The infuriating thing about American democracy is all the ways in which it has been contorted out of being a legitimate democracy. The weird thing about our democracy is that, just when you think you have handle on who benefits from these contortions, the scene shifts and a whole new gang of aggrieved party’s pounce.

In the red/blue bifurcated view of the United States, we are accustomed to thinking of states’ rights as the battle call of the political right, their persistent plea to tear down any aspect of the Federal Government they do not like. (How they support Federal intrusion on the issues they do like is another matter…) It is, therefore, interesting that Colorado has staked a gutsy position on states’ rights in determining that former President Trump participated in an insurrection, and therefore is ineligible to run for office according to Section 3 of the Fourteenth Amendment.

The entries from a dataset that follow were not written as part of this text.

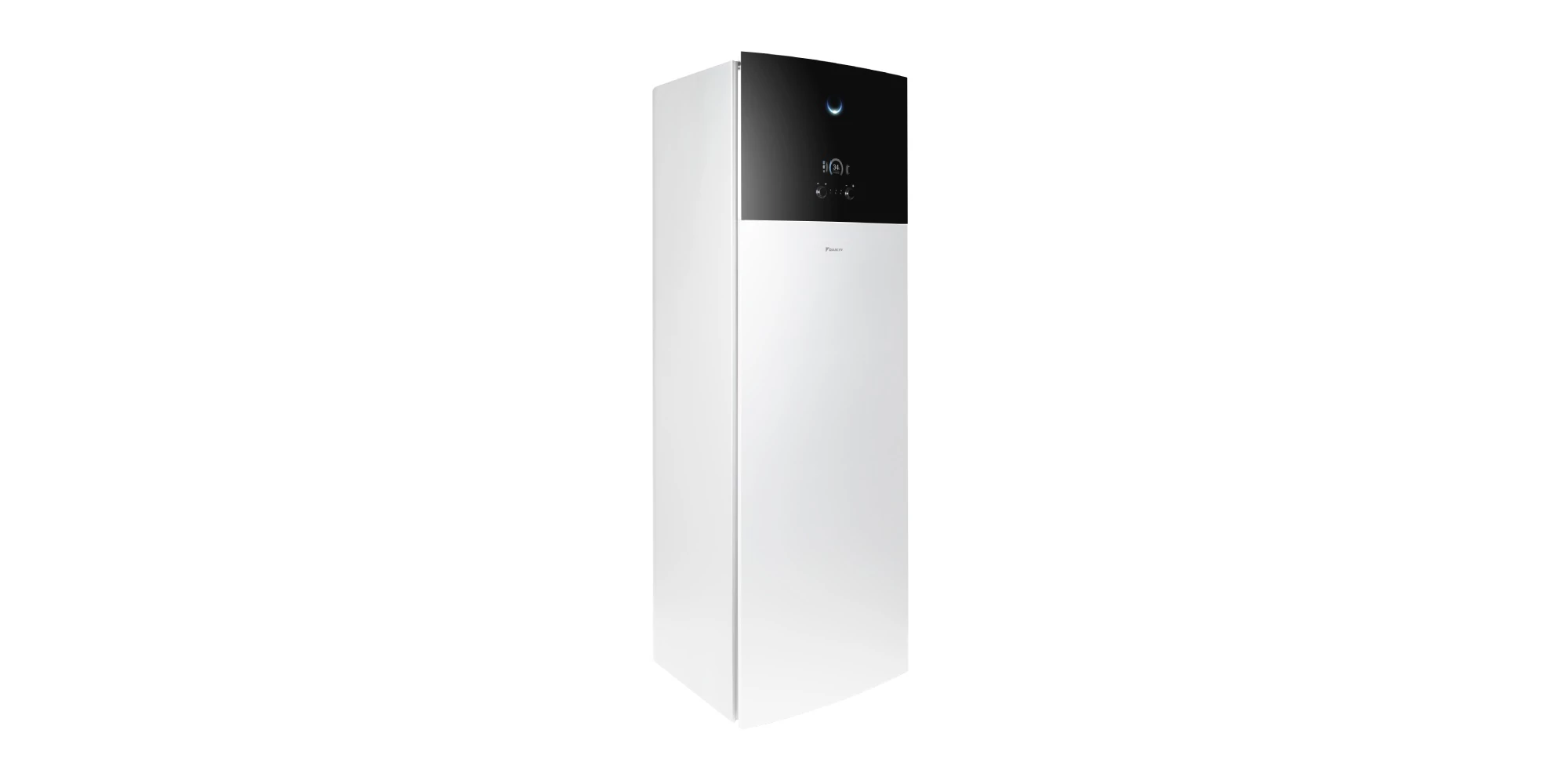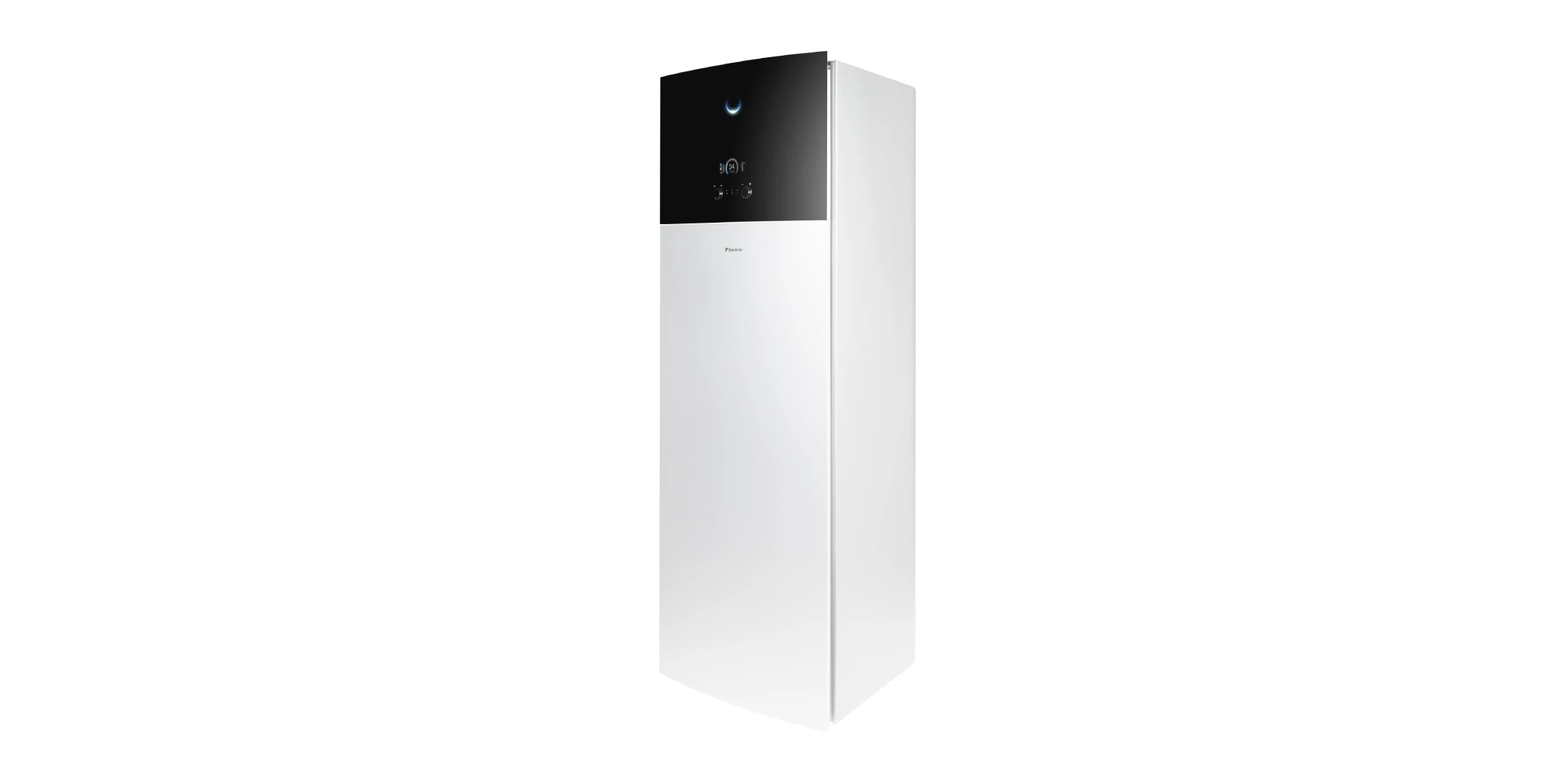 Interfața panoului frontal, numită Daikin Eye, oferă o utilizare simplă și intuitivă a pompei de căldură. Daikin Eye monitorizează starea de funcționare a pompei, indicând prin culoare informații relevante. Lumina albastră indică funcționarea corectă a centralei, în timp ce lumina roșie semnalează necesitatea unei lucrări de mentenanță.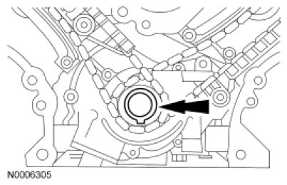 67. NOTICE: Damage to the camshaft phaser sprocket assembly will occur if mishandled or used as a lifting or leveraging device.
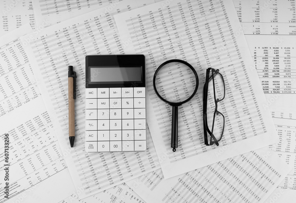 Calculator, magnifying glass, pen, eye glasses on financial statement. Top view.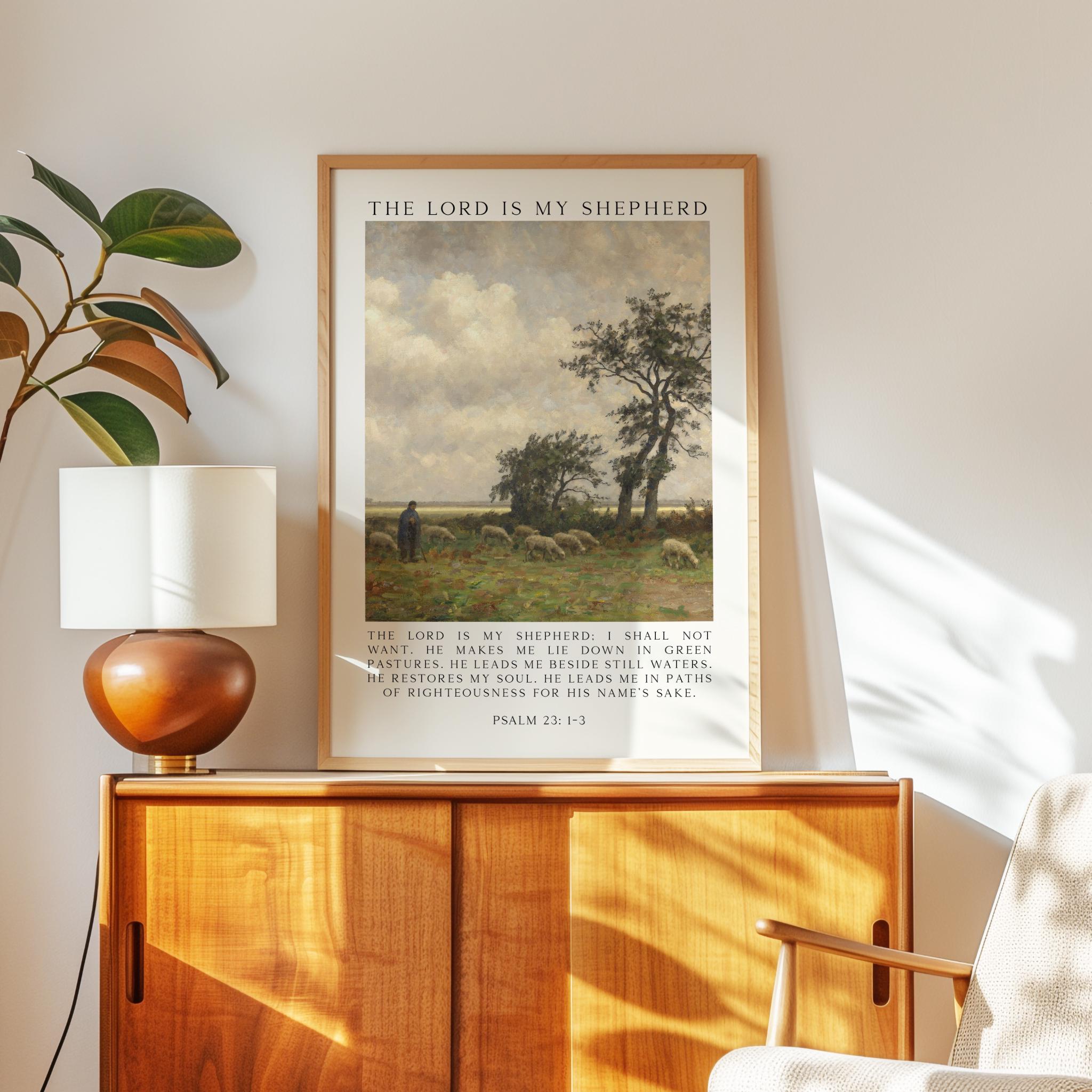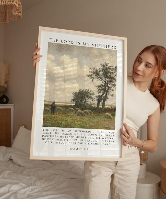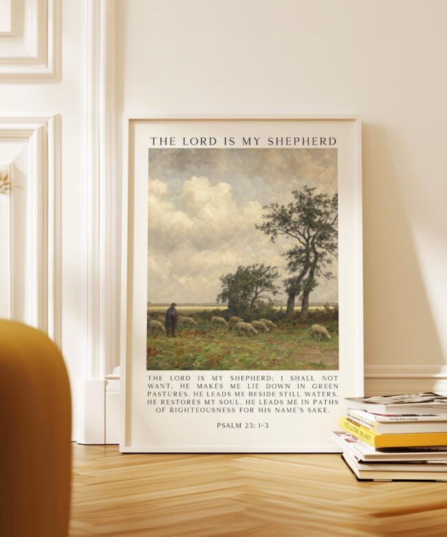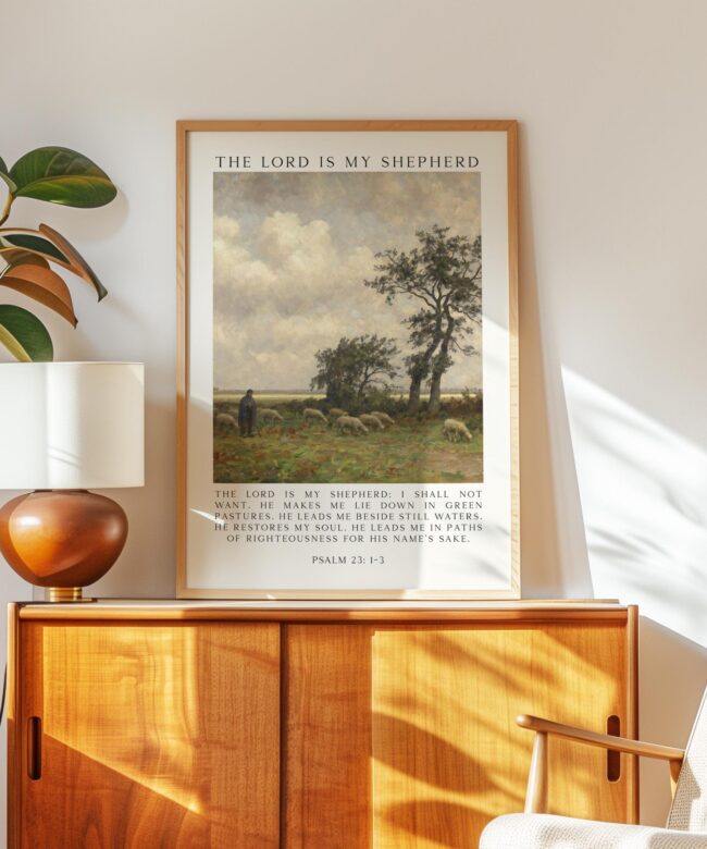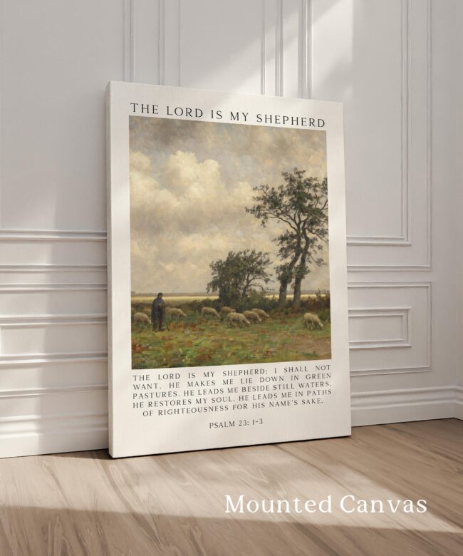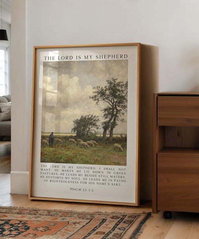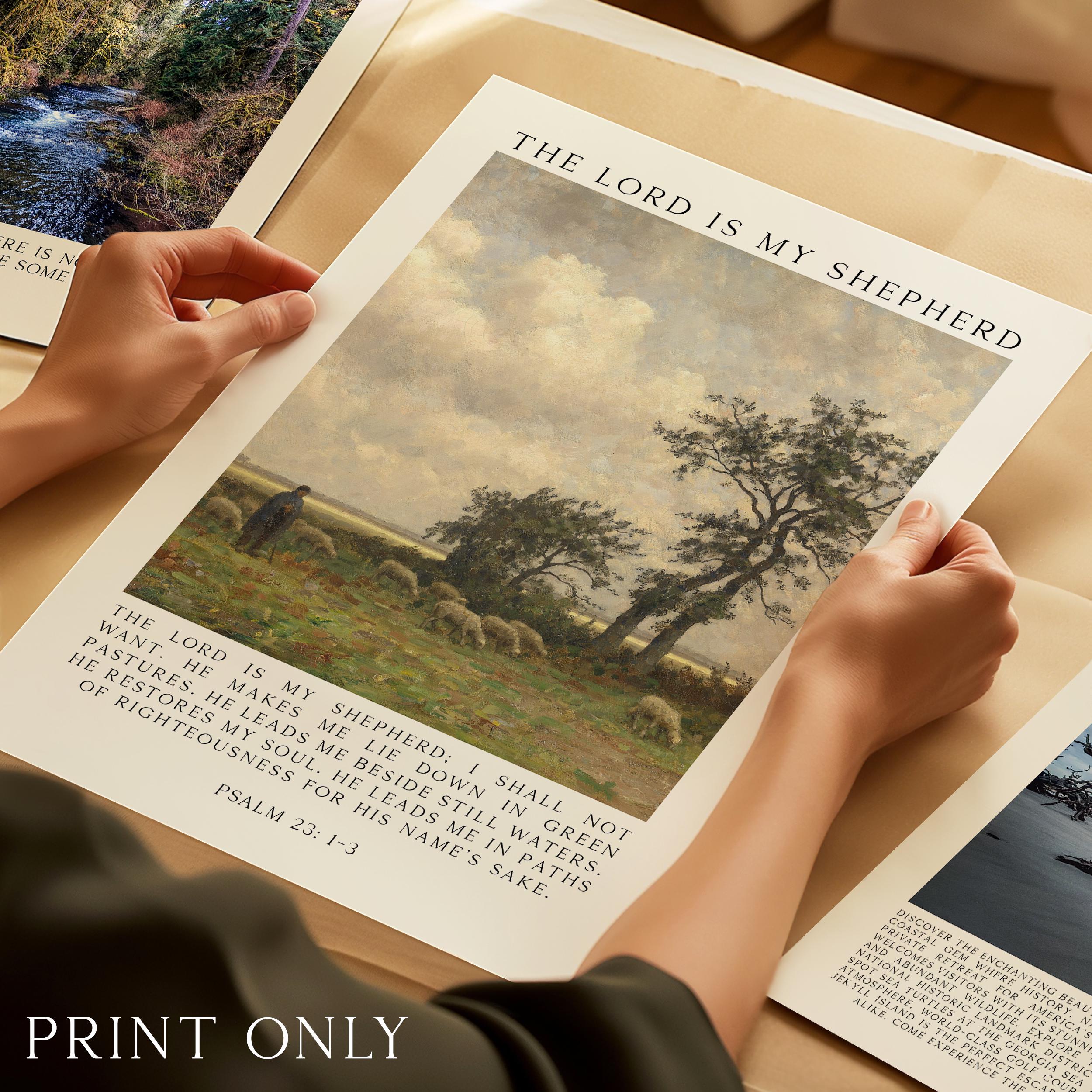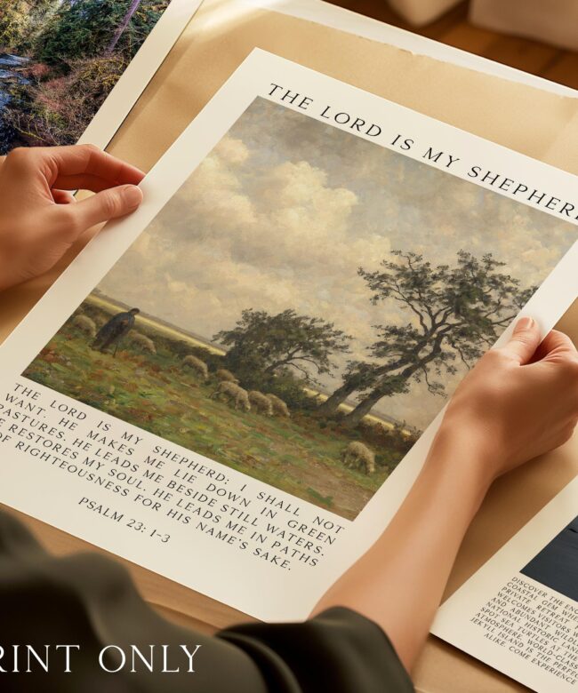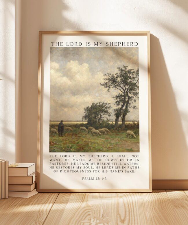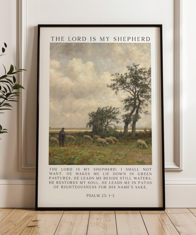 Bring peace and reassurance to your space with this “The Lord Is My Shepherd” Typography Art Print, beautifully paired with the painting, Landscape in Drenthe (1875 – 1910) by Alphonse Stengelin. The timeless words of Psalm 23:1-3 remind us of divine care, restoration, and calm waters for the soul.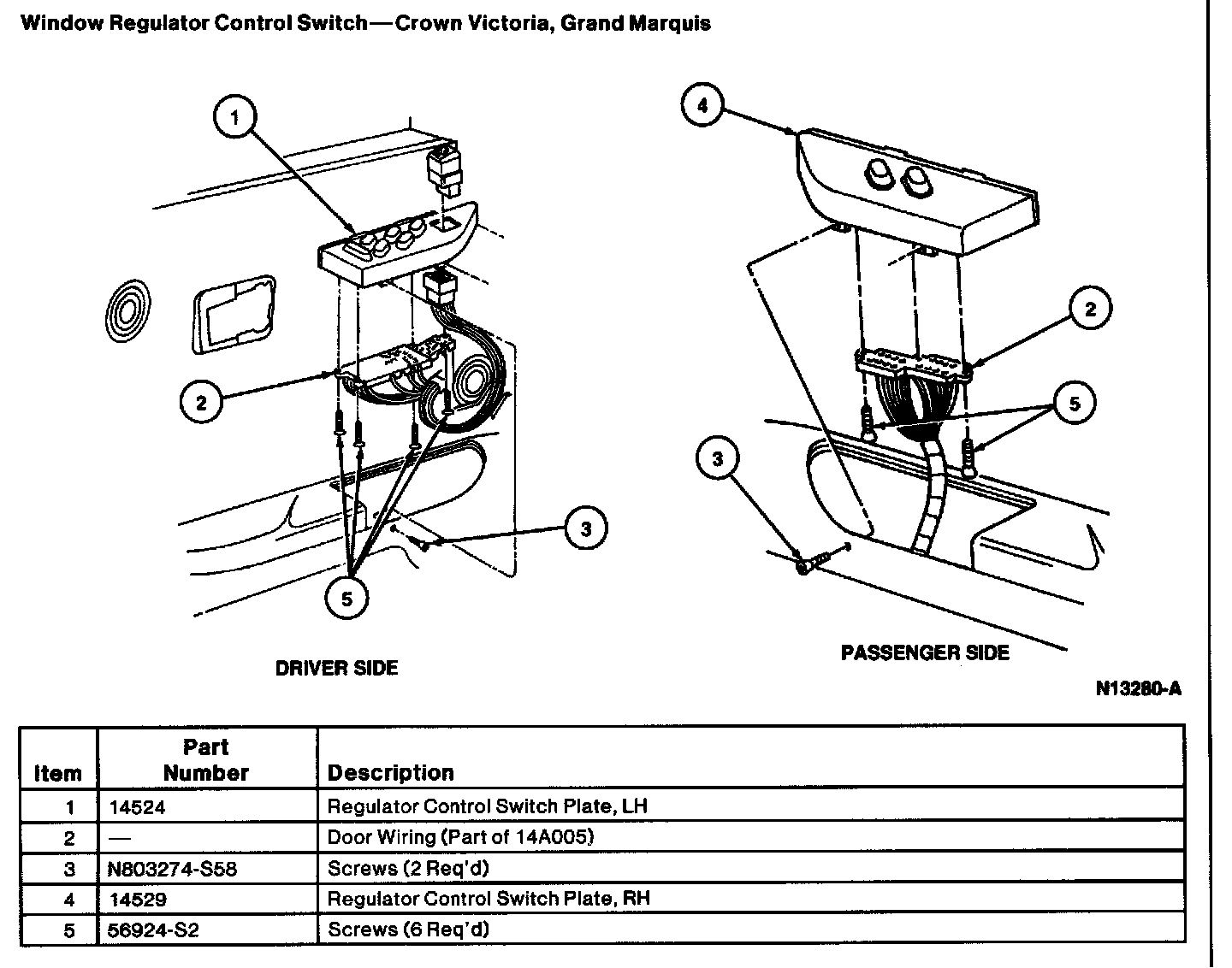2. Remove screw and pry up gently on the window regulator switch housing starting at the front.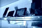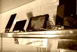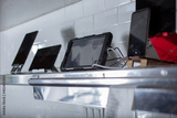 A view of several tablets used for food app deliveries, seen on a shelf in a restaurant kitchen.

No person shall be a Senator or Representative in Congress, or elector of President and Vice-President, or hold any office, civil or military, under the United States, or under any State, who, having previously taken an oath, as a member of Congress, or as an officer of the United States, or as a member of any State legislature, or as an executive or judicial officer of any State, to support the Constitution of the United States, shall have engaged in insurrection or rebellion against the same, or given aid or comfort to the enemies thereof. But Congress may by a vote of two-thirds of each House, remove such disability.

The case has landed in the Supreme Court, and if the arguments and questions posed before the court bear any reflection on the outcome, Trump will likely be allowed on the ballot in every state. Avid court watchers are keen to discover how broad the decision will be: i.e. was January 6 an insurrection, and did Trump participate, or can he be allowed on the ballot through some narrower reading? Regardless of how the Court slices the situation, I’m sure they will miss the essential mark, which is this: states have no place establishing the criteria for federal elections.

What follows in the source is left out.